Stroll up and down Canyon Drive to see these creative benches. They most certainly will bring a smile to your face. Oh, if you need to stop and rest, be our guest, and remember, we have great people-watching in Palm Springs.
For years, the Coyote Inn was where Chris and Barb Miller would go when they needed an escape. Now, it’s home.
The Millers have owned the Coyote Inn since 2008. They fell in love with it as guests, when they would leave their donut business in Utah for a few days of relaxation in Palm Springs. It was “a grind,” Chris says, and when the opportunity to purchase the Coyote Inn came up, they jumped. “The previous owners were looking for a different lifestyle, and we were looking for something different,” Chris says.
Chris and Barb live on the property, and work seven days a week. They do everything and anything that needs to be done, and always have their “game faces on,” Chris says. They love forging relationships with guests, greeting new faces and welcoming back regulars.
“We meet a lot of interesting people,” Chris says. “When people find us, they’re hooked.”
Guests come from all over the world, and enjoy the peace and tranquility that comes along with a property that is adults only. They also love the saltwater pool and hot tub, which is good for the skin. Snowbirds flock to the Coyote Inn during the spring, and book for the next year before their visit is even over.
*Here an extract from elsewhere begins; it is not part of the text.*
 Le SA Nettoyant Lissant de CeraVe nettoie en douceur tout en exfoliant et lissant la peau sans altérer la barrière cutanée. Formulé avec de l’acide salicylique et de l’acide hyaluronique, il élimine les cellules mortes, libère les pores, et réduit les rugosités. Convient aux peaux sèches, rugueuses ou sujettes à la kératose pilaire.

“People come here to relax,” Chris says. “Our location is ideal; you can walk downtown, but you’re far enough away where you can’t hear it. Some guests don’t even rent a car.”
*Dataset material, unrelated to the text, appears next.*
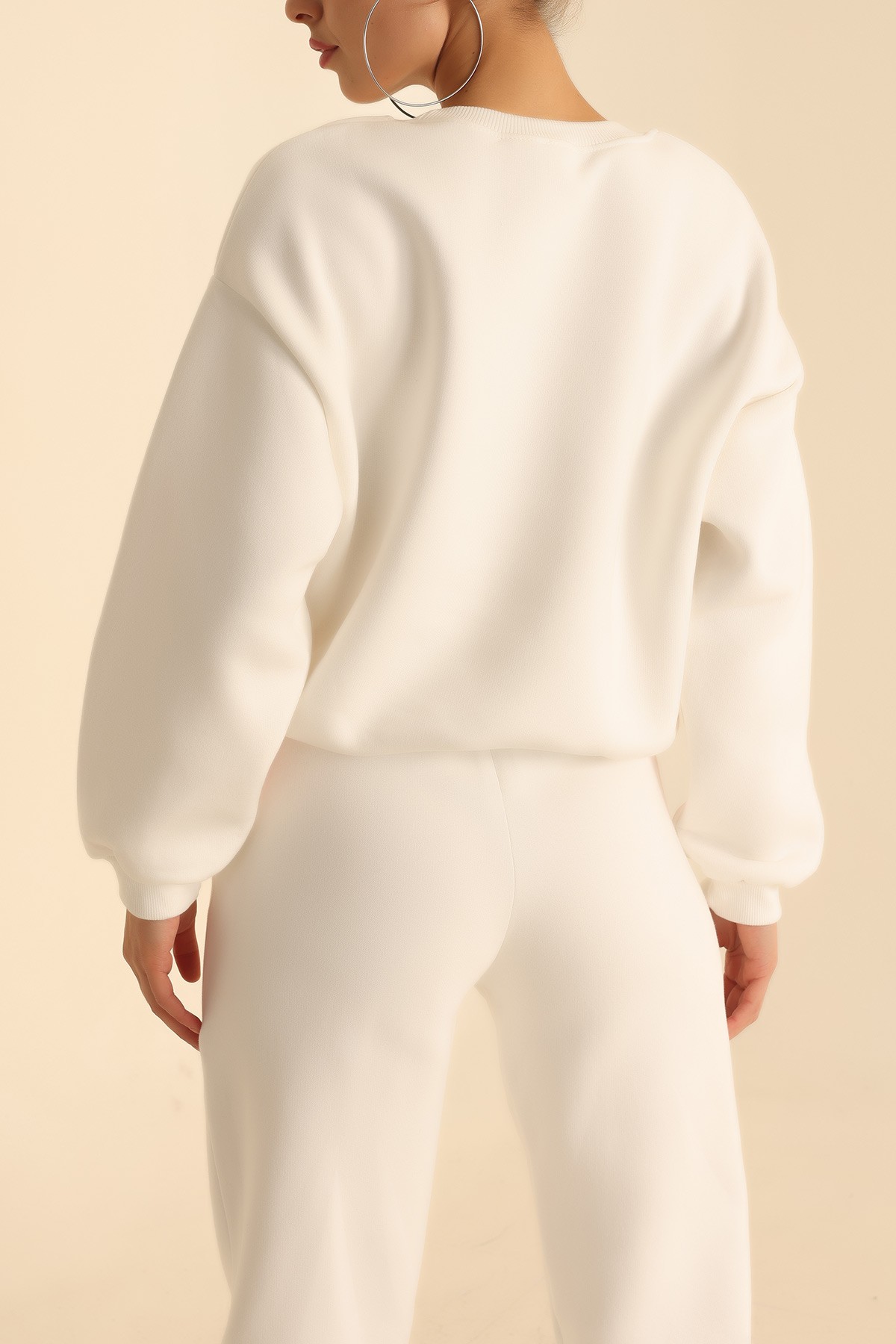 Krem Cep Taş İşlemeli Yaka Detaylı Belden Bağlamalı Scuba Kumaş İkili Takım

There’s something about walking through the gate and entering the Coyote Inn’s courtyard that instantly puts guests at ease.
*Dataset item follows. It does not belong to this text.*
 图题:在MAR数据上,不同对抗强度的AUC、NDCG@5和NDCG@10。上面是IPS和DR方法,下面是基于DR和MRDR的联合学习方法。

“Once people hit the fountain, they forget about everything,” Chris says. “It’s a great place to unwind.”
George Cebra brought his love of Japan to Palm Springs.
Sakura, the Japanese-style bed and breakfast, offers a unique experience. At Sakura — which means “cherry blossom” in Japanese — guests can wear kimonos and slippers, and sliding shoji doors lead to the garden and swimming pool. Shiatsu acupressure massage is available.
George is a jazz musician, and has performed in clubs around the United States and world. He spent five years playing in Tokyo, and “planned on living there forever,” he said. “There’s no crime, you can leave your purse or wallet on a train with $1,000 in it and no one would touch it. The food is incredible. You can eat off the sidewalk, everything is immaculate.”
Things changed when he met his wife, whose dream was to live in California. George thought they would only live in the state for a few years, but they stayed, and 20 years ago, as their daughter prepared to go to college, George and his wife opened the bed and breakfast.
“My wife taught me how to make Japanese food,” George said. “People seem to like what I do.”
George’s wife has since passed away, and George runs Sakura on his own. It has just two rooms, and he spends much of his day maintaining the property and getting to know his guests, including many who are first-generation Americans with parents born and raised in Japan. He also sees a lot of people from western Europe and those who “enjoy the Japanese culture.”
“I enjoy hanging out with people during breakfast, we can sit down and talk,” George said. “About 50 percent of guests are from other countries, so it’s nice talking with them about where they are from.”
When George isn’t at Sakura, he is teaching music — everything from violin to the cello to the trumpet — and playing at clubs and with a local orchestra. While George would love to have the chance to go back to Japan and play in the clubs, “If I won $1 million tomorrow, I wouldn’t change anything,” he said.